I'm going to rule out DIW because it is 12" x 12" x 2" and there is not a single check or crack. Can DIW do that? Its heavy waxed and as far as when it was cut I can only speculate. I have reason to believe about 6 - 7 years ago. I'm also going to backtrack on a comment I made about South American. This lot did have a majority of wood from there, but actually there were some pieces from Asia and Africa, so it could be from anywhere.


----------



## phinds (Jul 30, 2015)

Mr. Peet said:


> Looks a lot like several chunks of "Goncalo Aves", _Astronium _speices.


That's interesting. I've never seen any goncalo alves that looked even remotely like that end grain. Do you have any pics of the goncalo alves you've seen that does look like that?


----------



## phinds (Jul 30, 2015)

DKMD said:


> Looks like olive to me, but that's just a WAG.

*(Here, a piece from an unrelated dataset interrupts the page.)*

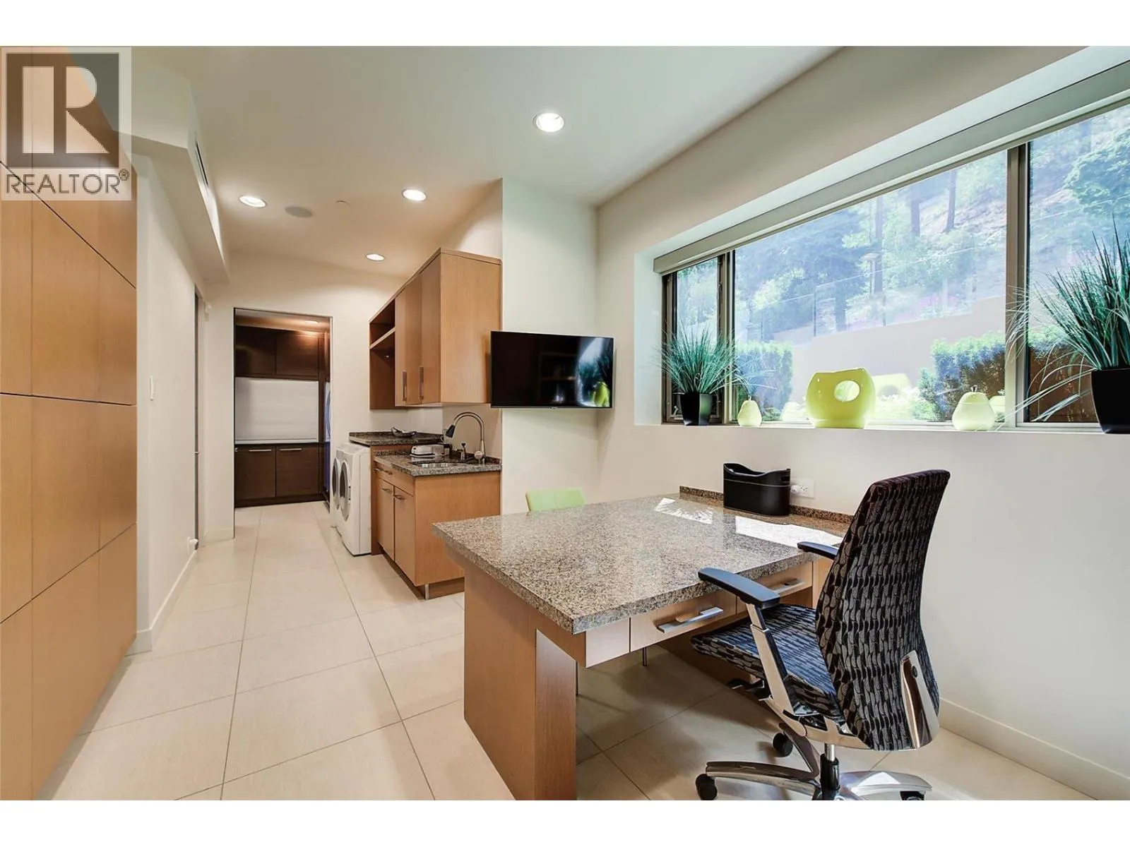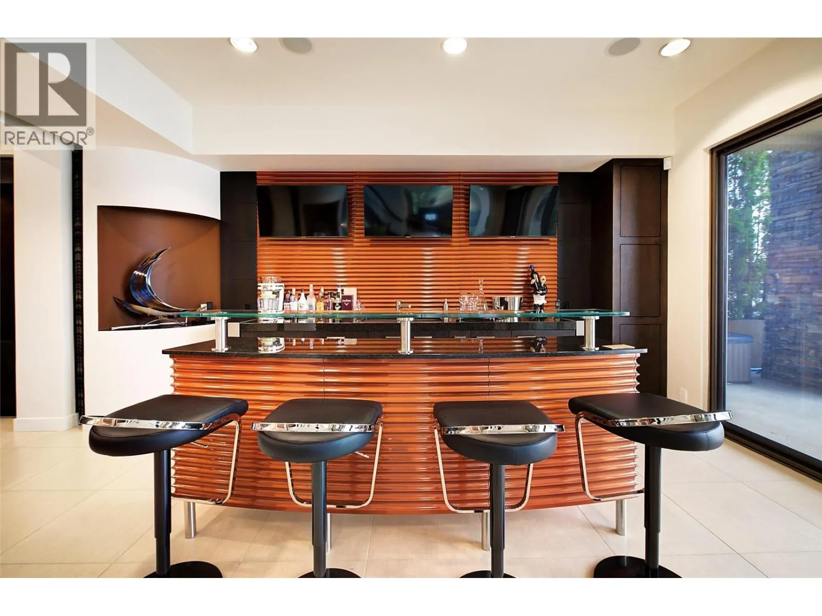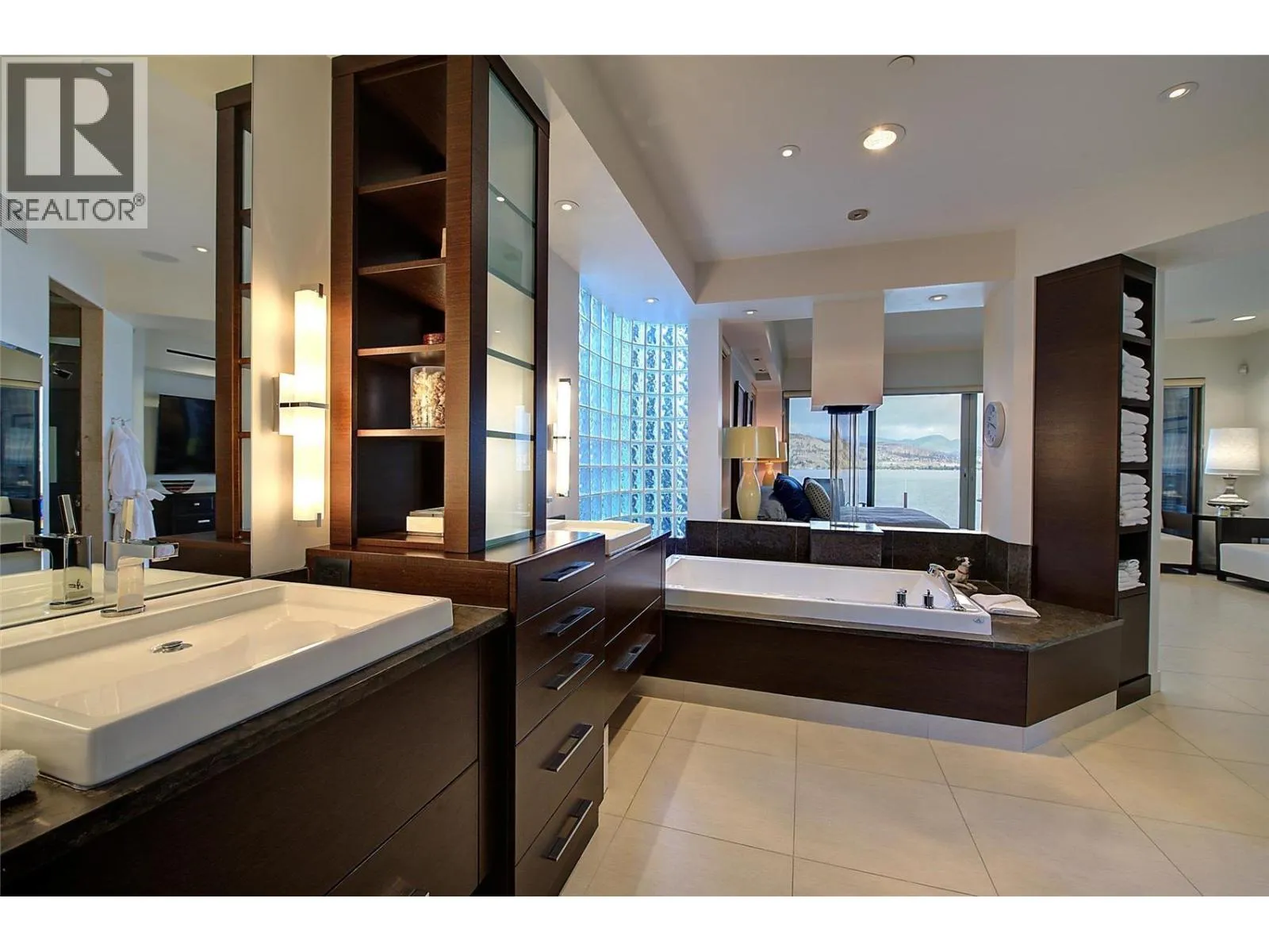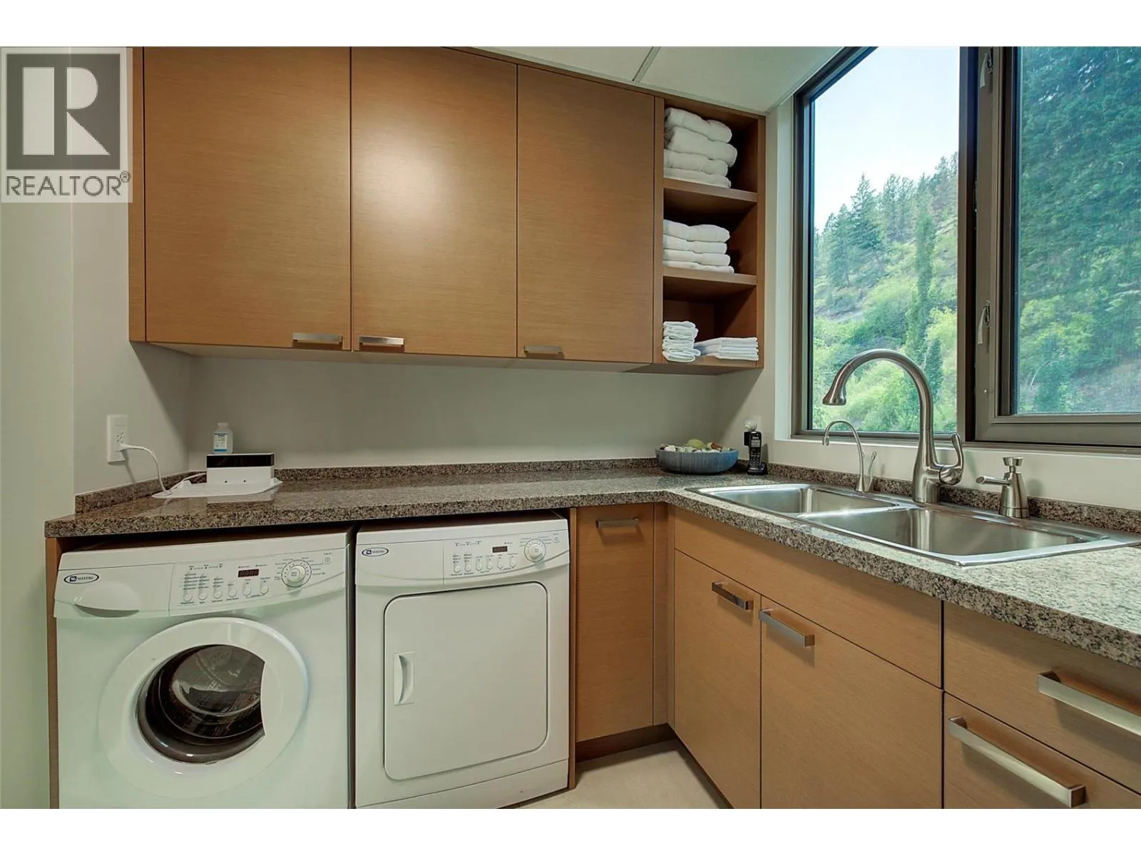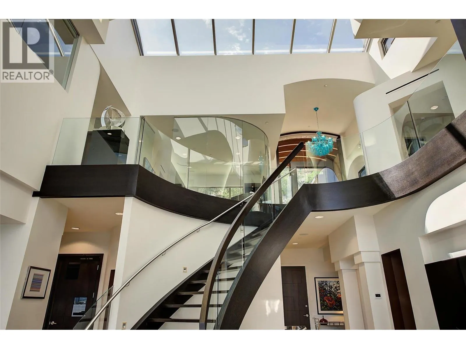 Nestled in the exclusive gated community of Sailview Bay, just 10 minutes from downtown Kelowna, this stunning 8,007 sq. ft. 4-bedroom, 8-bathroom estate is a true architectural gem. Designed with elegance and precision, it seamlessly blends luxury and comfort. From the moment you step through the grand glass entrance, the homeâs quality and craftsmanship are undeniable. Spanning four levels with an elevator for easy access, it offers an exceptional layout. The upper level features three guest suites, each with their own private washroom, a laundry room, and a custom office. A tandem garage completes this level. The main floor is the heart of the home, boasting a spectacular primary suite with a spa-like ensuite and walk-in closet. A soaring great room with dramatic lake views flows into the dining area and gourmet kitchen. A secondary laundry and pantry ensure effortless functionality, while a second double garage provides easy access. Designed for entertaining, the lower level features a stylish bar, theatre room, and spa-inspired bath with a steam shower. Expansive patio doors open to an infinity pool, hot tub, and stunning outdoor lounge. Below, a private wine cave and poker room, carved into the cliffside, create a one-of-a-kind retreat. Waterfront amenities include a deep-water dock with two boat lifts, two Sea-Doo lifts, and a beachfront cabana with a private washroom. Offering luxury, privacy, and convenience, this is one of Okanagan Lakeâs finest estates. (id:27476)

I agree that the end grain looks a lot like olive patterns but the face grain less so. Still, I'd say that's a good guess.

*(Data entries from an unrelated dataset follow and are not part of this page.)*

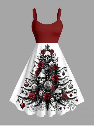 Plus Size Skull Rose Flower Spider Web Christmas Tree Ball Print A Line Dress - White - S
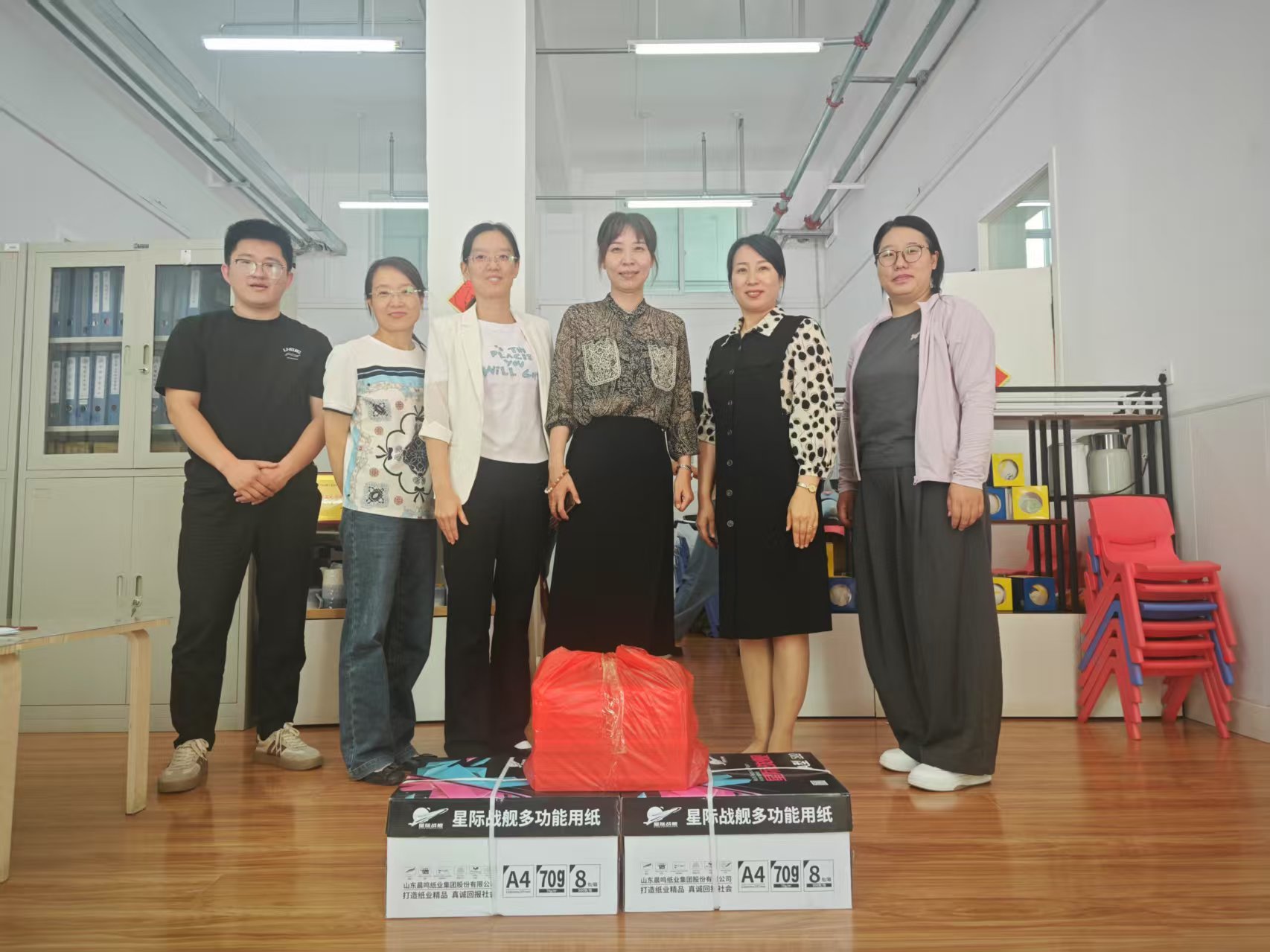 活动现场,我院工会向附属小学和幼儿园捐赠了足球、篮球、画笔、打印纸等文体用品,助力孩子们快乐学习、健康成长。附属小学校长和幼儿园园长对学院的爱心善举表示衷心感谢,并表示这些物资将有效丰富校园文体活动,为孩子们的成长增添更多色彩。杨波表示,儿童是祖国的未来、民族的希望,关爱儿童成长是全社会的共同责任。作为高等教育工作者,我院始终秉承“立德树人、服务社会”的宗旨,不仅在人才培养和科学研究上贡献力量,更积极履行社会责任,关注基础教育发展。此次捐赠不仅是节日的问候,更是对教育事业的支持和期许,希望孩子们在爱的阳光下茁壮成长,早日成为栋梁之才。
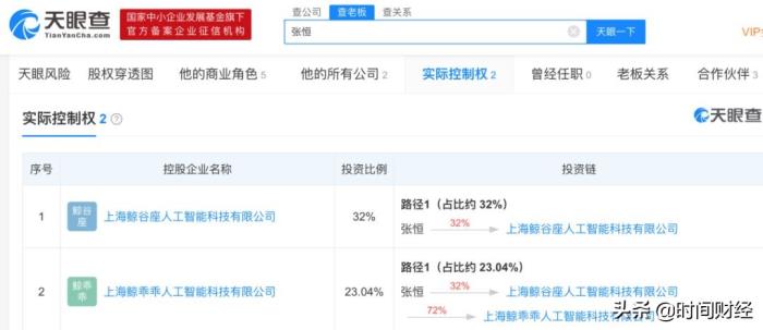 张恒实际控制的公司仅有两家,而这也是郑爽和张恒合开的两家公司。一家为上海鲸谷座人工智能科技有限公司(下称“鲸谷座”),另一家为两人间接实控的上海鲸乖乖人工智能科技有限公司(下称“鲸乖乖”)。

Pinky, you need to give us the density.


----------



## pinky (Jul 30, 2015)

I will tomorrow.


----------



## phinds (Jul 30, 2015)

pinky said:


> How do I do that?


measure each side in inches
multiply the three numbers together
divide by 144
get the weight in pounds
divide the pounds by the other number
tell us the result


----------



## pinky (Jul 31, 2015)

@phinds 
1.864 bd.ft.
9,75 lbs.
5.23 density
10 moisture reading


----------



## phinds (Jul 31, 2015)

I should have told you to multiply by 12 I guess. That's a density of 63lbs/cuft which is almost 1.0 relative density and that's pretty heavy. Exactly right for olive so I'm leaning toward olive The face grain doesn't look a lot like olive but COULD be olive. The end grain looks exactly like olive. The density is exactly right for olive.

SO ...

Uh, maybe it's olive but without a look under the wax I would say that's conclusive.


----------



## Kevin (Jul 31, 2015)

Does it smell like olives when you cut it?

Reactions: Agree 1


----------



## pinky (Jul 31, 2015)

Just came across another small piece with a tag under the wax that reads olea capensis subsp. macrocarpa

http://www.plantzafrica.com/plantnop/oleacapensis.htm

@phinds
@DKMD
@Mr. Peet
@Kevin

African olive also called black ironwood
You guys are good!!!

Reactions: Like 1


----------



## Kevin (Jul 31, 2015)

pinky said:


> Just came across another small piece with a tag under the wax that reads oleo capnsis subsp. macrocarpa
> 
> http://www.plantzafrica.com/plantnop/oleacapensis.htm
> 
> ...



I was just riding coattails lol.


----------



## DKMD (Jul 31, 2015)

Even a blind squirrel finds a nut now and again... I've got some 'African olive' blanks somewhere that look similar, so that's why I guessed that.


----------



## Mr. Peet (Jul 31, 2015)

I've had one piece of North African olive that looked like that, and might still. The Goncolo alves is in someone's kitchen floor now Paul. I lacked perspective and size on the sample and originally being S. America... well you know how some minds click.

Still a big piece of olive....


----------